Authorities can barely offer basic services, let alone ease
the ethnic hatred that has left bullet holes in the walls of
stores and homes, and mental scars.
"WE WILL KILL WHOEVER THREATENS US"
It's not just supporters of one political party or another
that are gunned down. There is a growing belief that anyone can
be hunted, simply because of their ethnic identity.
Kamran Muhammad, 23, was buying supplies for his family's
sweets shop when he was abducted, had his hands and feet bound
and beaten with clubs before being shot in the head and jaw.

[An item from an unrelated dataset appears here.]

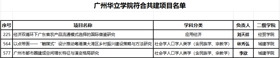 我校三位教师的课题符合广东省哲学社会科学规划2023年度学科共建项目资格 发布时间:2023-07-14 17:15:01 浏览次数: 次 【字体:小 大】 近日,据广东省哲学社会科学规划专项小组通知,我校经贸学院刘天祥教授,城建学院林秀弘、李欣的课题符合2023年度学科共建项目资格。 学科共建项目是广东省哲学社会科学规划项目一种项目类型之一,由申报人所在单位筹集研究经费,广东省哲学社会科学规划专项小组立项,旨在支持哲学社会科学学科体系建设和人才队伍建设,提升哲学社会科学研究水平和综合实力。 终审:科研处 分享到: 【打印正文】

He was neither a Mohajir, Pashtun or Baluch but his killers
probably thought otherwise.
"We showed the young children of the family his bruises and
the bullet holes. We want them to know how dangerous Karachi has
become. That they must be careful," said his father, Muhammad
Hanif, his eyes swelling with tears.
"From now on we will just kill whoever threatens us."

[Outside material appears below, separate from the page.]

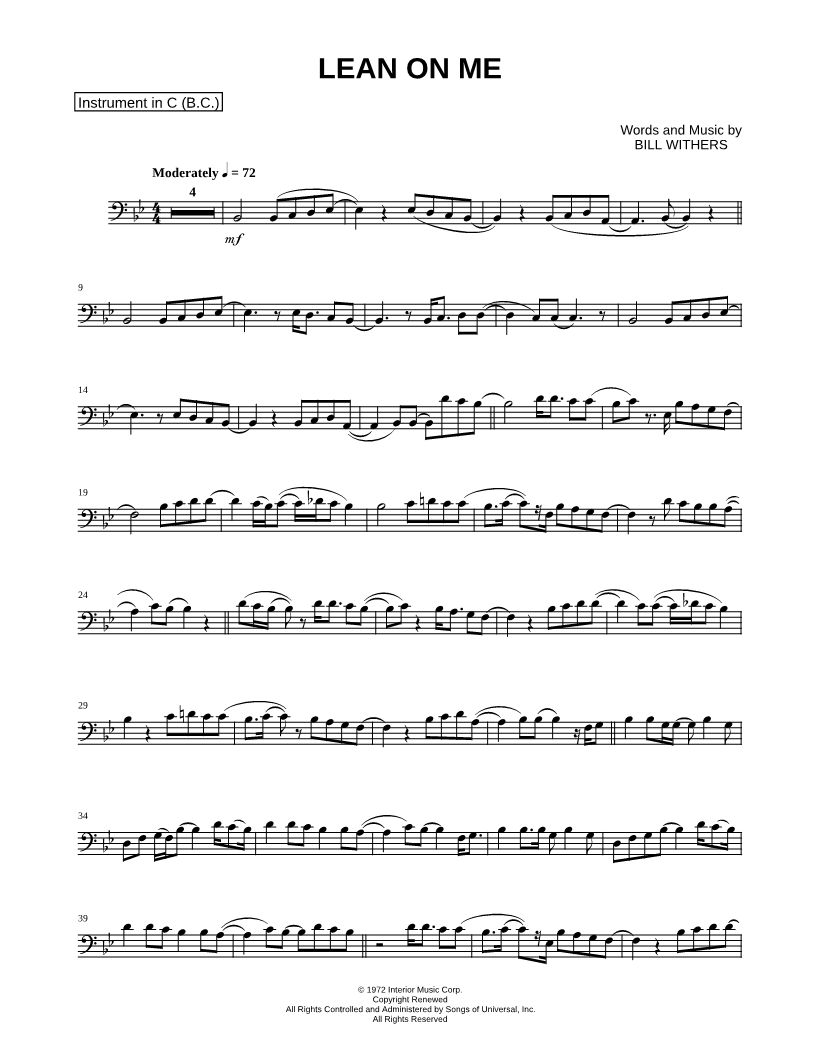 Lean on Me - Bass Clef Instrument |

The murders have prompted business leaders, who lose
millions of dollars every time Karachi's troubles bring the city
to a standstill, and others to call for army intervention.
The spike in violence is raising the age-old question of
whether Pakistan's civilian government, like the one ruling now,
will ever be able to handle crises.
The military, seen as far more effective, has run the South
Asian country for more than half of its history.
"Karachi's precarious situation is raising fresh doubts
about whether Pakistan's civilian leaders will ever be able to
manage the country," said Kamran Bokhari of STRATFOR global
At Karachi's Jinnah Postgraduate Medical Centre, emergency
department joint director Seemi Jamali is proud to say the
institution does not turn away patients because of their
ethnicity, as do other hospitals. But the latest ethnic
bloodletting is draining the little optimism she has left.
"My nine-year-old son hides under the bed when he hears the
shooting at night," said Jamali. "He calls me five or six times
every time I go out and asks 'mommy are you safe?'"
In one of the wards, there was evidence of increasingly
random carnage. One patient was sprayed with gunfire on a bus.